A very usual thing to do in JavaScript is to manipulate the DOM. If you are like me, you might not have thought twice about doing something like document.querySelector(.class). Yet, this is something that is provided by the Web API Document Object Model, and is not simply part of the JavaScript language.
The Document Object Model (DOM) is an API for manipulating DOM trees of HTML and XML documents (among other tree-like documents). This API is at the root of the description of a page and serves as a base for scripting on the web.

MDN Web Doc

For example, if we deconstruct this line of code document.querySelector(.class):
  • document: it's an instance of the Document interface and acts as the entry point to the web page content. The Document interface is provided through the DOM API
  • querySelector(): it's an instance method which let us query the first element of the page content matching the selector
    There are many other interfaces (Event, NodeList, Element, XMLDocument, etc. to cite a few) which let us manipulate the DOM. The full documentation can be found here.

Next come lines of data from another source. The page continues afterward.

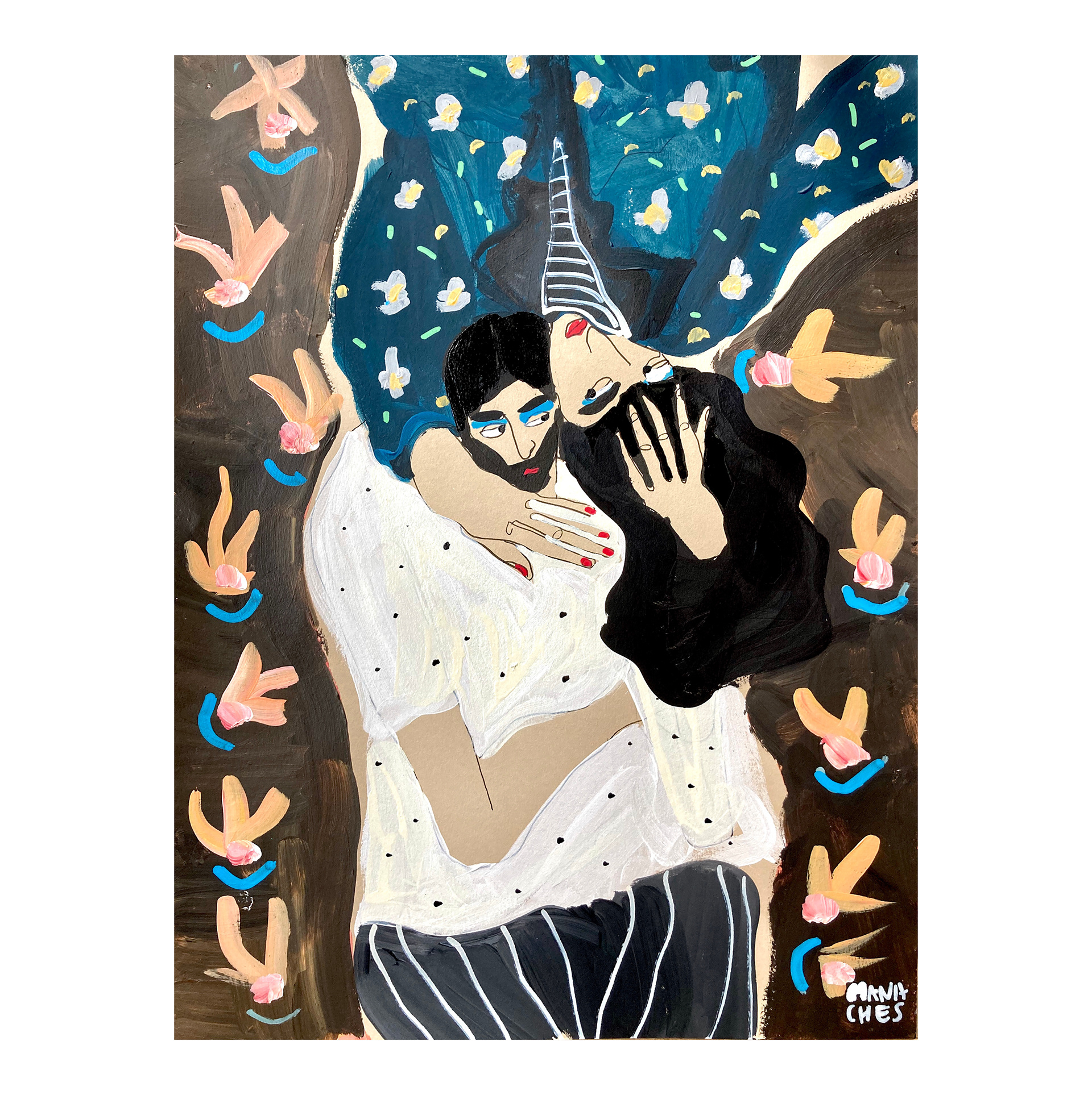 Hauteur 42 cm largeur 29,7 cm Techniques mixtes sur papier artistique (acryliques, posca huile, encre de Chine) Cadre non fourni Oeuvre originale signée
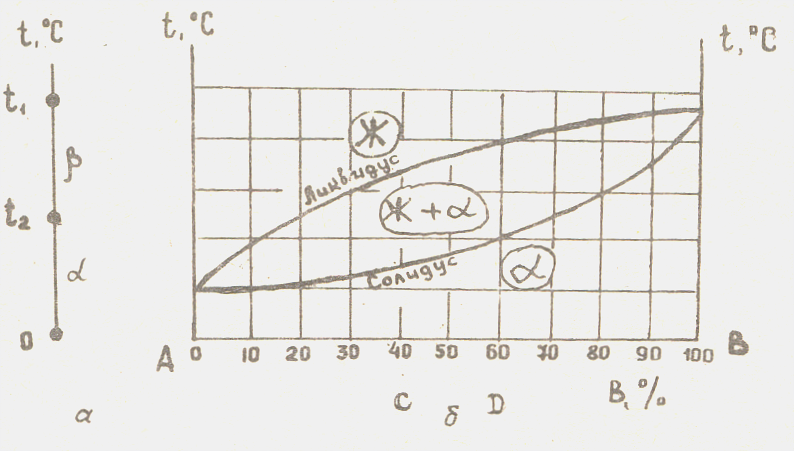 Если сплав однокомпонентный, то диаграмма состояния рис.2 а.
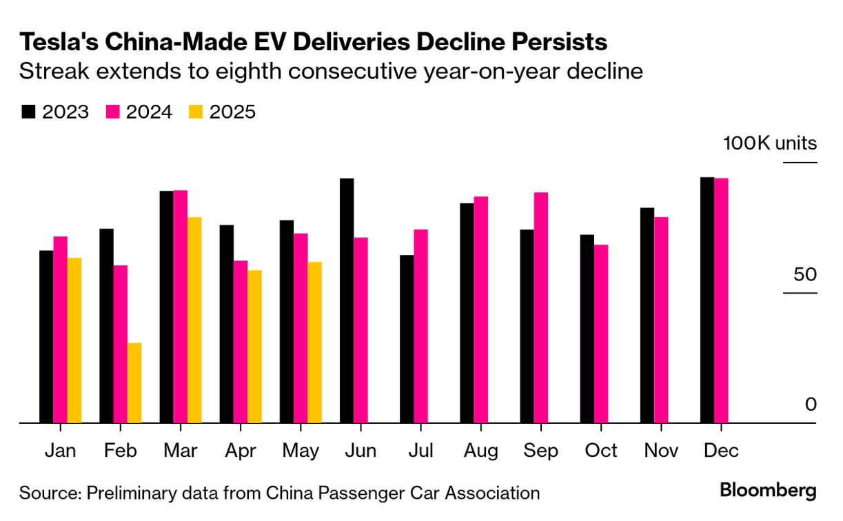 原題:Tesla’s China Shipments Extend Slump, Bucking Broader Sales Boom (抜粋)
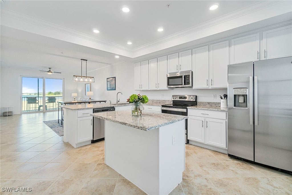 Wake up every morning to panoramic sparkling lake views and the lush, green golf course from this beautifully appointed condominium in Babcock National complete with a coveted golf membership! The stylish kitchen boasts granite countertops, a center island with breakfast bar, 2021 stainless steel appliances, recessed lighting, and a pantry for extra storage. Both bedrooms feature professionally designed custom closets that maximize space and storage capabilities. Dual walk-in closets with custom built-ins grace the primary suite, along with an immaculate tile walk-in shower, granite countertops, and a bonus linen closet. Additional highlights include tile flooring throughout, volume ceilings and elegant crown molding, as well as a spacious exterior storage closet. Unwind on your screened lanai with a drink in hand and soak up the unobstructed views of the golf course and tranquil lake. As a resident of Babcock National, you’ll enjoy a premier lifestyle with access to exceptional resort-style amenities. Stay active at the state-of-the-art fitness center, complete with locker rooms and saunas, or enjoy friendly competition on the pickleball, tennis and bocce ball courts. Cool off in the expansive resort-style pool, then relax with a cocktail at the poolside Tiki Bar. For an elevated dining experience, the newly opened Enclave Restaurant inside the elegant clubhouse offers a stylish retreat. Downtown Babcock Ranch beckons with a vibrant mix of dining, shopping and entertainment. Enjoy cozy coffee shops, an old-fashioned ice cream parlor, local food trucks, live music and a weekly farmer’s market. Explore charming boutiques or grab your everyday essentials at the neighborhood market—all just a short distance away. Whether you’re seeking a full-time residence, seasonal escape or investment opportunity, this residence offers a blend of lifestyle and value.
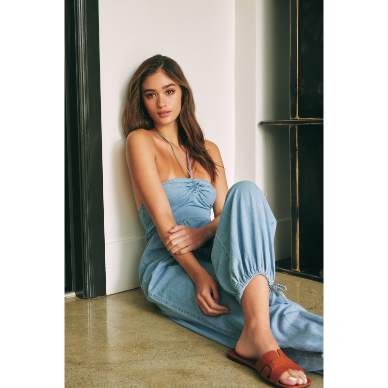This light wash jean-colored jumpsuit is the perfect piece to wear when you want to look put-together, with low effort. Ideal for wearing around house, going to a brunch or babyshower.
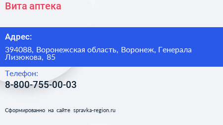 Вита, аптека по адресу 394088, Воронежская область, Воронеж, Генерала Лизюкова, 85 в дальнейшем Организация, размещена в следующих категориях:
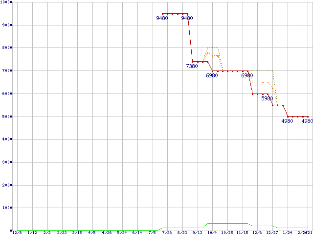 ※このグラフは過去のデータも税率5%相当に調整した税込み相当額のグラフです。 税率変更や、総額表示方式導入(2004年4月)の影響は除いています。 | | | ●凡例 | 最安値 (点線部は販売店未確認 または未調査) | 平均値 | 最高値 | ショップ数 |
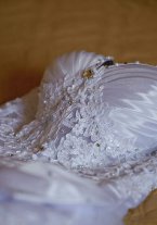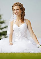 - традиционный белый цвет; - пышная юбка, украшенная оригинальным, но вместе с тем, ненавязчивым атласным бантом с лентами, доходящими почти до пола; - корсет, декорированный кружевами и стразами; - и самое главное, в нем вышла замуж самая счастливая невеста:) В подарок Вы также получите: кринолин (юбка на кольцах), перчатки и подвязку.
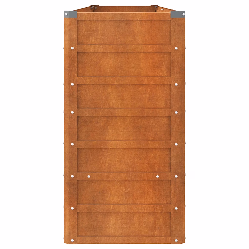 • Vastupidav Corten-teras on ilmastikukindel ja korrosioonivastane, mille pinnale tekib aja jooksul kaitsev roostekiht, mistõttu taimekasti ei ole vaja värvida ega eriliselt hooldada.
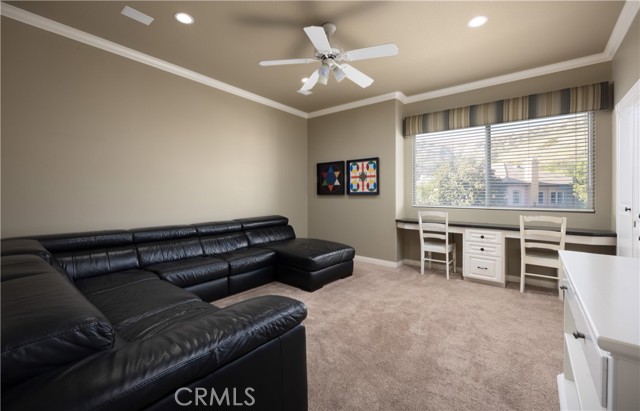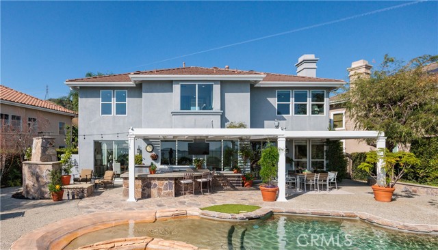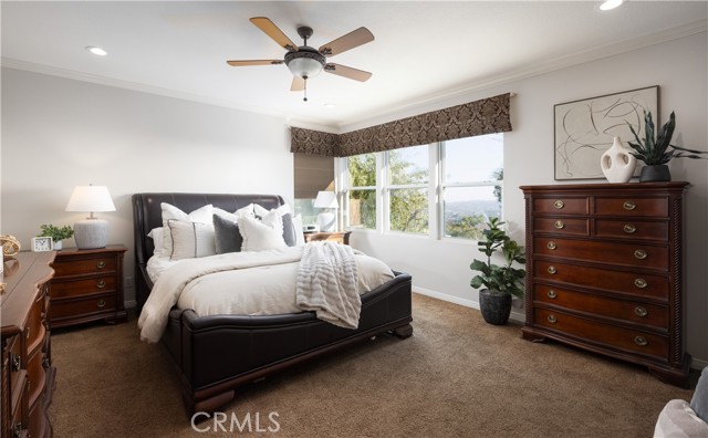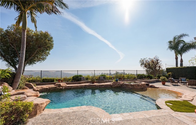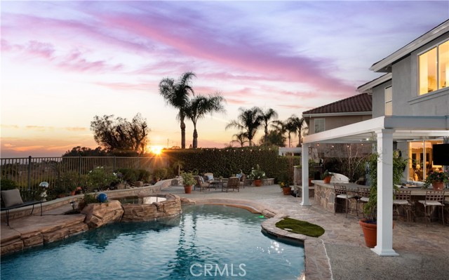 HILLSIDE VIEW HOME | PANORAMIC VIEWS | PRIVATE BACKYARD RETREAT | CUL-DE-SAC LOCATION | GATED PARKRIDGE COMMUNITY | Situated on a premium view lot within the prestigious gated community of Parkridge, this exceptional 5 bedroom, 4 bathroom residence offers 3,039 sqft of living space, blending privacy, comfort, and breathtaking scenery. Tucked away on a quiet cul-de-sac, the home delivers a rare sense of tranquility, with panoramic views stretching across city lights, rolling hills, and distant mountain ridgelines, extending toward Catalina Island and the ocean on clear days. From the moment you enter through the double front doors, a grand entry with soaring ceilings, expansive windows, and a sweeping staircase creates a dramatic first impression while filling the home with natural light. The formal living and dining rooms provide inviting spaces for entertaining, enhanced by large sliding doors that create a seamless indoor-outdoor connection. The kitchen serves as the heart of the home, featuring granite countertops, rich wood cabinetry, a center island, and a window framing the backyard and views. A breakfast nook and walk-in pantry enhance function, while the kitchen opens to the family room with a beautiful fireplace and built in bookcase. A main-level bedroom and full bathroom offer flexibility for guests or multigenerational living, along with a laundry room and three-car garage. Upstairs, the primary suite offers sweeping views of city lights and rolling hills to the ocean, with a cozy fireplace and complemented by a spa-inspired bath with dual sinks, soaking tub, walk-in shower, and two walk-in closets, plus an adjacent retreat ideal for an office, gym, or lounge. Additional bedrooms are generously sized, along with a bonus room or optional fifth bedroom. The backyard showcases the home’s elevated setting with a beach-inspired pool and spa, seating areas, outdoor fireplace, and built-in BBQ, all positioned to capture the views and create a private retreat. The property is located within a secure gated community featuring a neighborhood pool, spa, and sport court as well as being near top-rated schools, dining, and shopping. This is more than a home. It is a lifestyle defined by breathtaking views, privacy, and timeless elegance.

    Intersection Observer API

    This API lets us know about the visibility of an element in the viewport. It's very helpful for:
    • animations
    • infinite scrolling
    • or even lazy loading an image
      It allows us to configure a callback called whenever a target element intersects with the viewport. For the details about how to implement it, read the official Web MDN documentation.

      Fetch API

      This is another very common API we use whenever we want to fetch data from an outside resource. It only has one method: fetch().
      fetch() takes an argument, the path to the resource we want to fetch, and returns a promise. It is asynchronous, preventing us to block the main thread whenever we need to fetch data. You can read more about it here.

      Web Share API

      On websites, we often want to be able to share a page, content or file to third parties (social medias, email, etc.). That is when we can use the Web Share API, which gives us two methods:
      • navigator.canShare() which validates if the data is shareable
      • navigator.share() which invokes the native sharing mechanisms of the operating system.
        The full documentation is available here.

        Many more APIs

        The few APIs introduced above are a very limited subset of all Web APIs available. I find that they are the ones I use on a daily basis. But here are a couple more that I find interesting:
        • The Fullscreen API lets us display a specific element in fullscreen and then exit the fullscreen state when it is not needed anymore
        • The View Transition API lets us create nice transition when navigating from page to page.
        • The Screen Orientation API gives information about the orientation of the current device
          A list of all available APIs can be found here. Sadly, some of them are only compatible with a few browsers. Make sure you check the compatibility before using them in your website.